8 Monate ist schon eine lange Zeit, vielleicht bist du einfach gerade ein bisschen reisemüde. Es gibt hier auch einen Thread wo dieses Thema schon behandelt wurde: http://weltreise-info.de/forum/index.php?topic=3456.0

So gesehen ist es vielleicht mal eine Möglichkeit, irgendwo "Urlaub" vom "Urlaub" zu machen und länger an einem Ort zu bleiben, wo du mal runterkommen und alles Erlebte verdauen, vielleicht auch wieder neue Kraft und Lust zum Weiterreisen tanken kannst. Wenn du die Zeit hast - ich würd es so machen. Der Alltag hat dich früh genug und wohl für den Rest deines Lebens eh viel zu früh wieder - genieße es.

So eine lange Reise hebt dich aus deinem Alltag, sei es jetzt Schule oder auch schon Job, komplett heraus und verändert Prioritäten oder macht dich zumindest darauf aufmerksam, was für dich eigentlich wirklich wichtig ist.

Ich kenn das von mir auch. Man merkt, was man wirklich will.
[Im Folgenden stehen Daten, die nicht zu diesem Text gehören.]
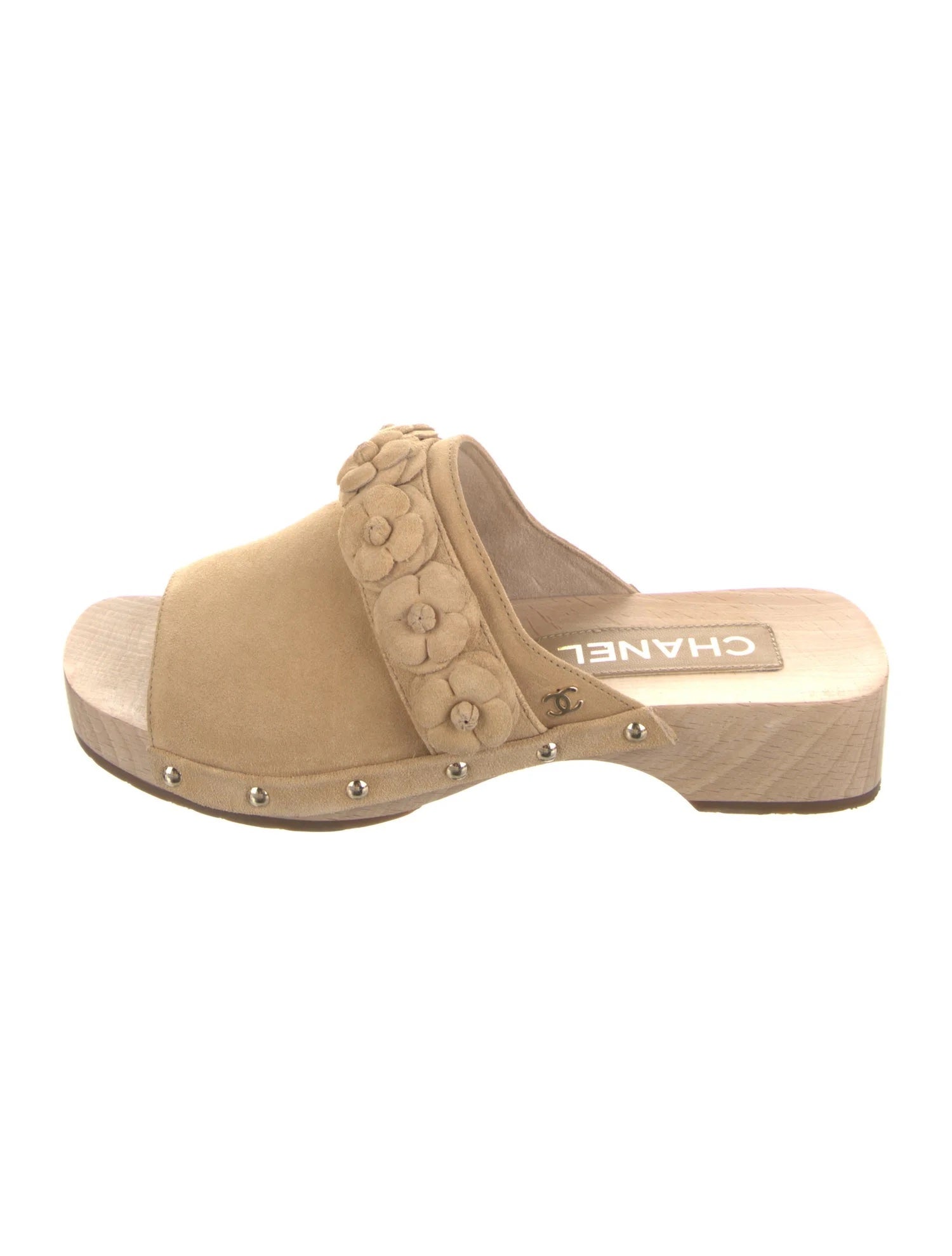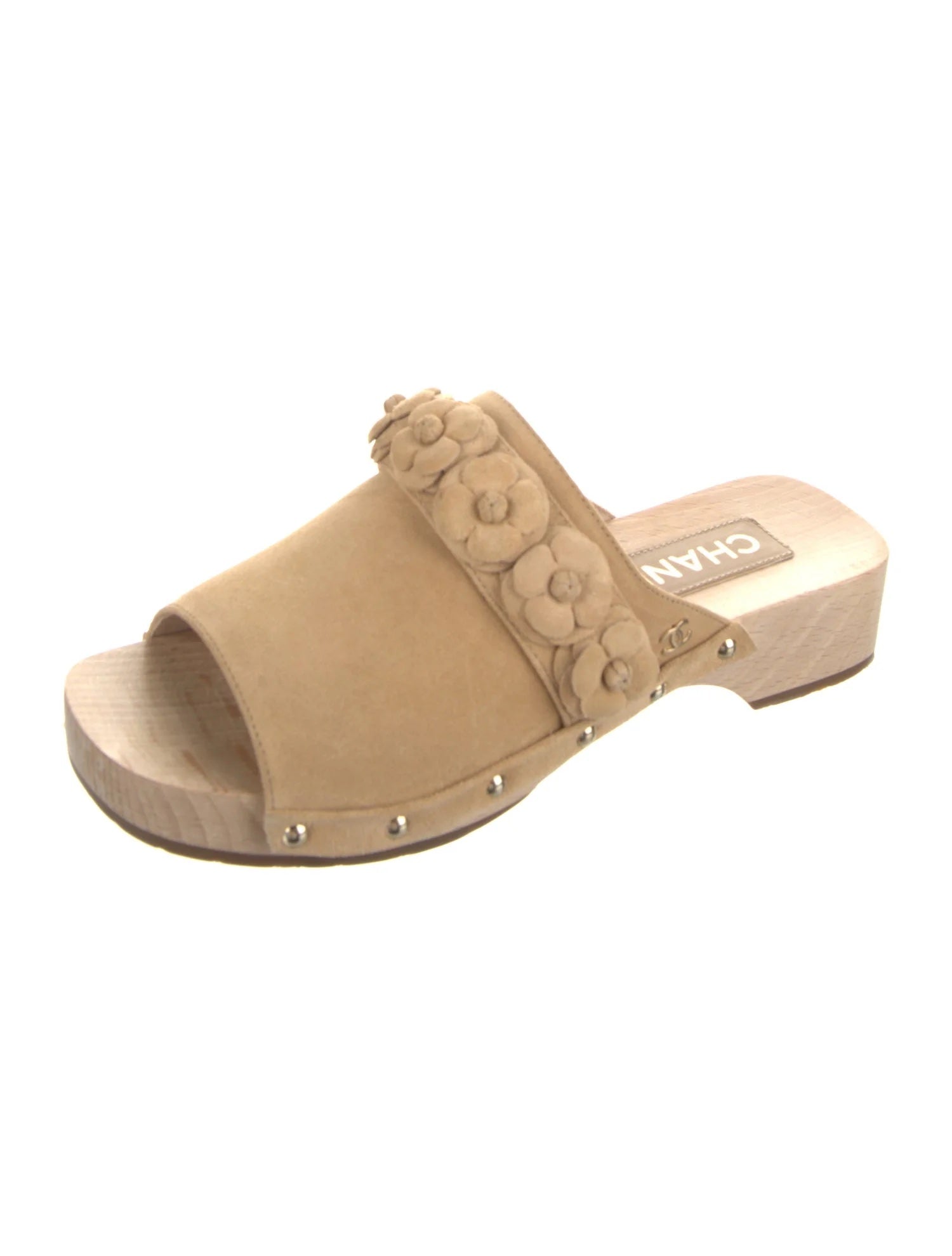CHANEL CALFSKIN SUEDE CAMELLIA MULES CLOGSCHANEL CALFSKIN SUEDE CAMELLIA MULES CLOGS

Ergo kannst du deine Kraft und deine Anstrengungen fokussieren, um genau das anzutreiben, wenn du dann wieder daheim bist (zB das Thema Liebe). Und damit hast du vielen Leuten einiges voraus. Es gibt genug Menschen, die den Wald vor lauter Bäumen nicht sehen und ziellos herumirren oder wie wild was ändern wollen, den Anfang aber nicht finden.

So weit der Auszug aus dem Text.